Calling the ability to send arbitrary long messages "powerful", when virtually
every other internet messaging service has allowed this for ages, requires
some serious marketing reality distortion.

------
rocky1138
Comically, as soon as the animated GIF showed the person's response, I closed
the tab because I didn't want to read all of it.

That was the whole point of the short messaging service of Twitter.

------
mninm
As long as they are changing stuff I'd like to see Twitter move from counting
the total number of characters in a @username to having them count instead as
only a small fixed number (say 2 characters) in a similar fashion to how URLs
no matter how long or short count as 22 characters. This would put all users
on an equal footing and could potentially decrease the number of hacking
attempts on those accounts with the shortest usernames (which is apparently a
problem).

------
mceoin
This is what innovation looks like.

------
darkstalker
So we'll be able to use Twitter DMs as data storage?

------
mtgx
Are they going to add end-to-end encryption back in, though?
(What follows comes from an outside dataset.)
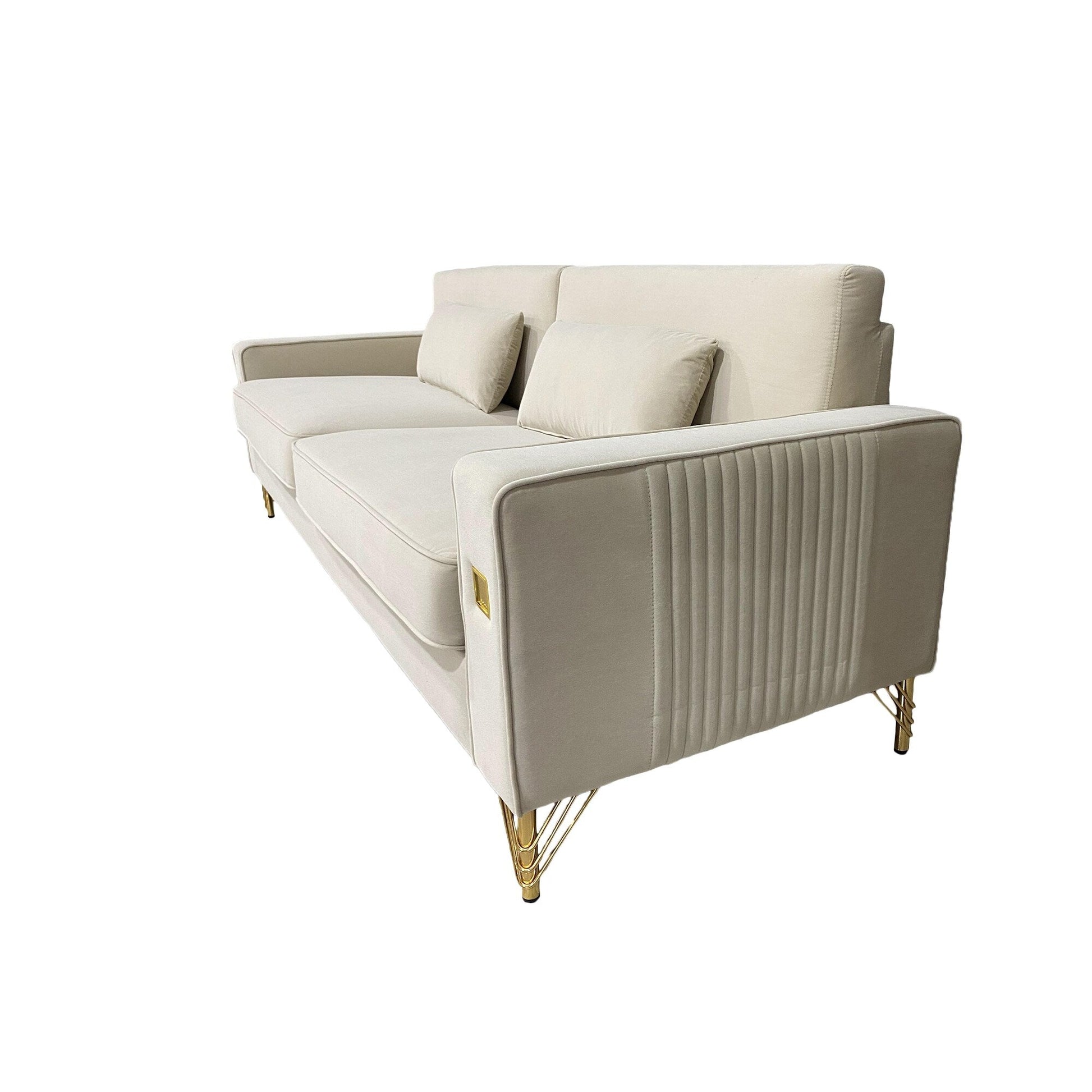 Canapé 3 places en velours blanc crème moderne 85,63 avec touches dorées et coussins moelleux pour le salon

[http://www.theverge.com/2014/3/19/5523656/twitter-gives-
up-o...](http://www.theverge.com/2014/3/19/5523656/twitter-gives-up-on-
encrypting-direct-messages-at-least-for-now)

------
pcsanwald
I've always assumed that maintaining the 140 character limit is a marketing
decision, and they've long since removed any technical limitations that keeps
tweets to 140 characters. Does anyone know if I am correct?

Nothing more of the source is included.